Tuesday, June 2, 2009

Bye Bye Frequent Flyer Miles

At the Climate Conference, Congressman Dana Rohrabacher (R-California)told attendees that the green legislation is going to be the biggest scam ever perpetrated on the American people. Taxes will be raised and freedoms taken away.

He said that some green advocates even want to stop frequent flyer miles, since in the eyes of these advocates, it is creating an incentive for free flying and, thus, increasing the world's carbon footprint.

After spending a day listening to the scientists at this conference, the green scam appears to be even greater than I suspected.

All the scientists in the "Realist" group seem to have the science on their side versus the Greens. Carbon appears to have about as much impact on the climate as ice cream.

Scientist after scientist decried the fact that the Greens are always unwilling to debate the Realists. Not only does Al Gore refuse to debate, he also refuses to take audience questions after a speech. The Realists on the other hand seemed to be genuinely desirous of carrying on scientific debate with everyone.

This conference was taped and will be out on dvd. Anyone interested in learning what the debate is all about should at least listen to the speech given by Roy W. Spencer from the University of Alabama Huntsville.
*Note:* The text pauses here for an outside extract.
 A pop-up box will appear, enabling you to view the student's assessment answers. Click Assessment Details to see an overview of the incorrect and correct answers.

Bob Murphy tipped me off before the conference that Spencer was his favorite climatology speaker. I can see why. Spencer walked the attendees through a play-by-play on what the entire debate is all about. You really leave the speech with the big picture as to what the overall debate is all about, and knowledge of some of the deceptive practices the Greens use to advance their cause.

2 comments:

  1. The global warming debate is portrayed in the media and the political arena as a two sided debate.

    On one side there are "Climate Change" advocates (a.k.a. alarmists) who diagnose global warming as a real problem and prescribe a range of economic interventionist measures as the solution. On the other side are the Climate Skeptics (a.k.a. deniers) who disagree with the diagnosis and prescription of the alarmists.
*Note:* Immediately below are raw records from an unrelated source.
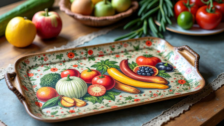 Vibrant ceramic tray with assorted fresh fruits and vegetables on rustic table.
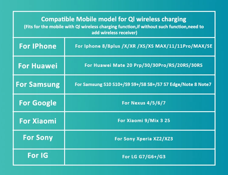 Подходит для мобильного телефона с функцией беспроводной зарядки QI, если без такой функции, необходимо добавить беспроводной приемник
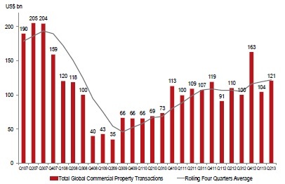 존스랭라살은 올 한 해 거래규모 전망 역시 종전의 1100억 달러에서 1200억 달러로 높여 잡았다. 이 같은 전망치는 금융위기 이전인 2007년과 같은 수준으로 거래량 규모로는 역대 최대로 기록될 예정이다.

    In terms of how these political camps relate to the relevant academic specialist communities, the alarmists have the best climatology and the worst economics, and the deniers have the worst climatology and the best economics (relatively speaking). Climatologists who speak about policy solutions to global warming have strayed far from their specialist expertise as have economists who talk about climate science.
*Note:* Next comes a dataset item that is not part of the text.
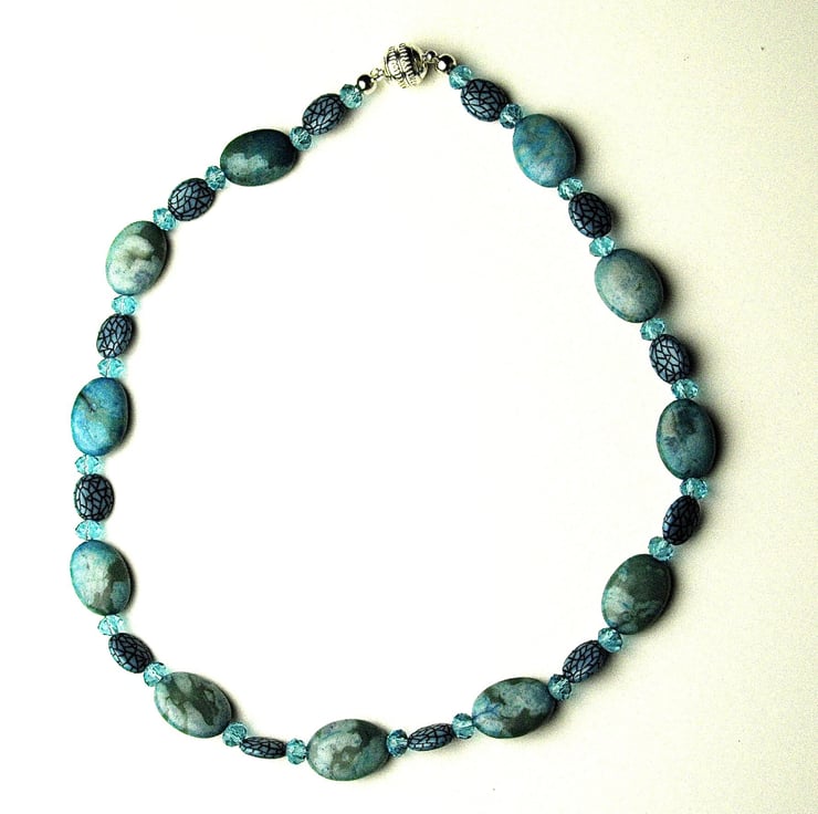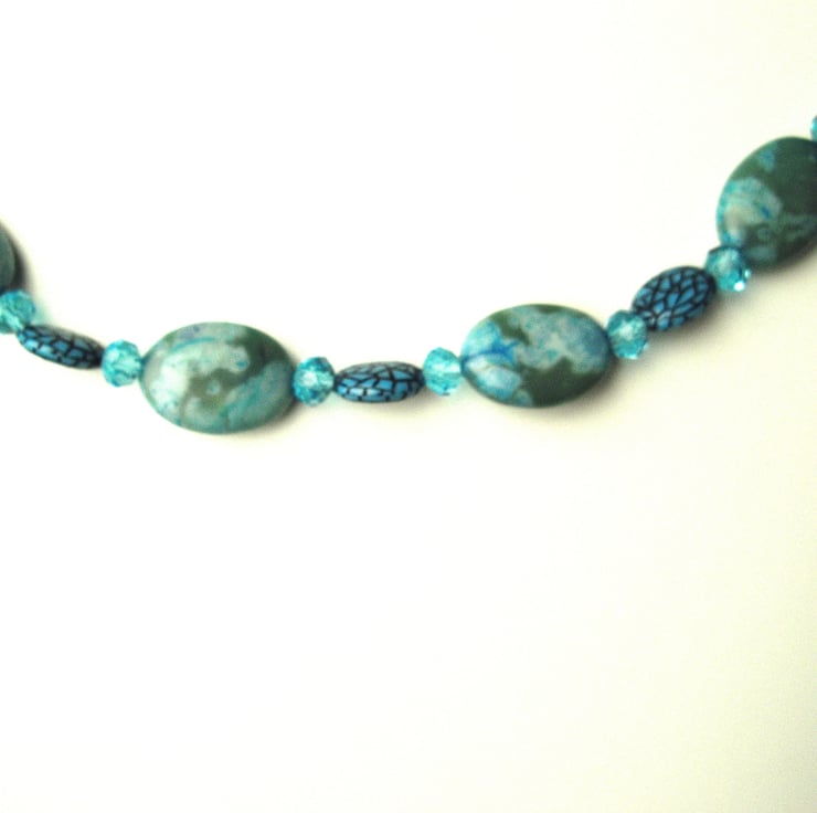 This stunning necklace is hand made from attractive oval turquoise agate beads interspersed with resin and crystal beads.

    But just say it's not a two sided debate but rather a four square (two by two) grid with alarmist and denialist as side by side columns and with diagnosis and prescription as separate rows. If so there is a super-pessimist option that never gets a public hearing. Super-pessimists would say climate change is real and the prescriptions of the advocates won't work, and indeed make society's ability to respond worse.

    So far it would seem to me that the true "consensus position" the one which combines the best climatology and the best economics is the super-pessimist group. And this is precisely the faction we never hear from. Which is, of course, precisely what a public choice analysis of the issue ("everybody's business is nobody's business") would predict.

    Welcome to the fun filled 21st century!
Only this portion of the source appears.